I'm not in my normal office right now, so can't check for sure, but I think that John Ratey's "User's Guide to the Brain" includes a good deal about memory and also about ADD, so may be helpful as you look for more information.

As for tactics that people use, peruse the blog and the forum here as a starting point.  ADDitude Magazine has some good ideas about dealing with ADHD in general and may well address memory specifically (many of their articles address kids, but not all).

Melissa Orlov

This posting and article are very insightful for me. I have ADD and as a child I used to make up stories because I didn't remember what happened. Now I am honest about it. I just fess up that I cant remember and always feel horrible for not remembering --but it is almost as if I cant access that part of my memory. It affects me at work quite often. I am teacher now and share the classroom with another co-teacher. I have driven the co-teacher crazy by forgetting important messages from parents. Even when I make a conscious effort to "remember a message" after a half hour I wont remember who told me the message or important details. Now I always carry a small dictophone around my neck (it's about the size of a cellphone and I got it at Radio Shak for $30)-- I find that it helps exponentially. I also use one to remember things around the house (i.e. we need toilet paper and that my husband has a music lesson tomorrow, etc). I dont know if that's something your husband would open to. Lists on the fridge help also.
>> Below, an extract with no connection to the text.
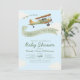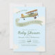 Vintage style biplane airplane baby shower invitation is a great gender neutral theme for a baby on the way! The green and yellow color scheme and blue sky are cute fun and sweet!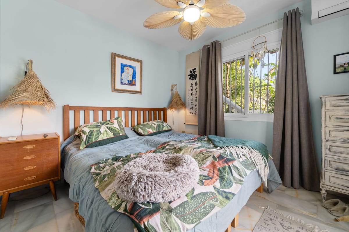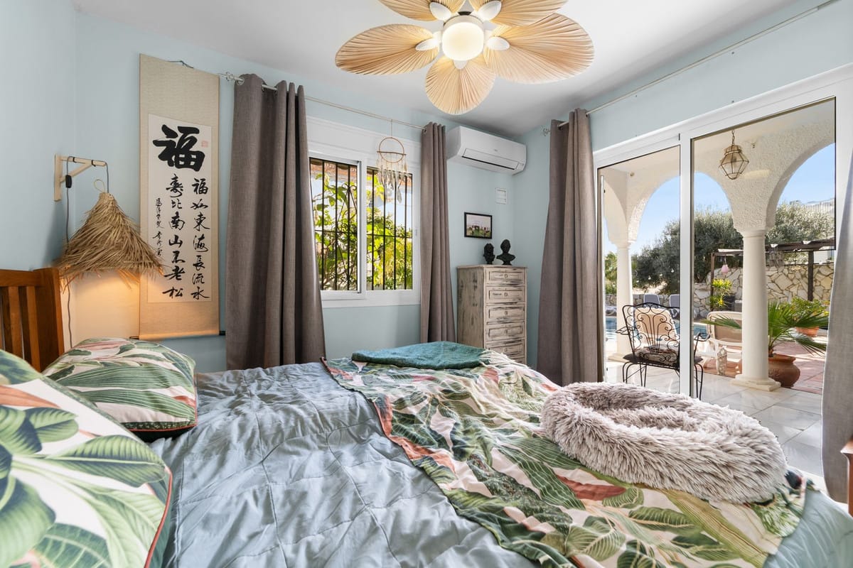 All three bedrooms are generously sized, and the villa includes two recently renovated bathrooms with walk-in showers. On the lower level, the former garage has been converted into a cozy and stylish living space, ideal for family gatherings or as an additional bedroom.

Thank you, anonymous, for posting that. My husband is always thinking that I'm deliberately trying to forget events or things that we've talked about, in order to get away from things. It led him to become verbally abusive. That's before he understood ADD. We are on the way to recovery now, and I think that we can make it, afterall. I'm going to recommend this site to him, so he can read here and feel that there are other people out there who are married to ADDers and who are going through the same things. About memory though, I think that ADDers remember things that are "unimportant" to other people. We see deeply, have deep insight, we remember other things that people always forget. Like snowflakes on our palms, or the sound of leaves crunching in the autumn. Things that may be unimportant to others but we feel are the most important things. So I really don't think that we make things up. We just remember differently. And I think it could actually be better! I think we are gifted, not "deficited" :-)

Poor working memory, poor memory skills, poor executive functions and distractibility make paying attention to and remember non-novel or boring information quite difficult. Increasing ones self awareness and making concerted efforts to be present when doing things one knows they are likely to be a scent minded about can help a great deal. So does therapy, specifically ADHD therapy that can focus on building stronger skills were skills are weak. Keeping an open mindset that one can change and improve is important. Set aside a time to talk to your spouse calmly and unemotionally about how their adhd has been impacting you. I would recommend the Rule for Fair Fighting dialogue exchange. This is good for hot button topics. My husband has OCD but has many adhd symptoms. Ironically I was the one diagnosed with adhd but I have an excellent memory and sense of direction. I might not have adhd but adhd symptoms in certain situations which is not adhd then. My husband is extremely abscent minded and losing stuff but never takes steps to prevent it. He also has no sense of direction. I'm not sure if he has adhd or if his intrusive thoughts are distracting him. 
lastly and perhaps most important, take care of you. Talk to a therapist yourself to help get these feelings out and know better what to do. Some couples just aren't compatible. Our couples therapist said we can only change ourselves and sometimes that causes our partner to change and sometimes not. Life is happening now.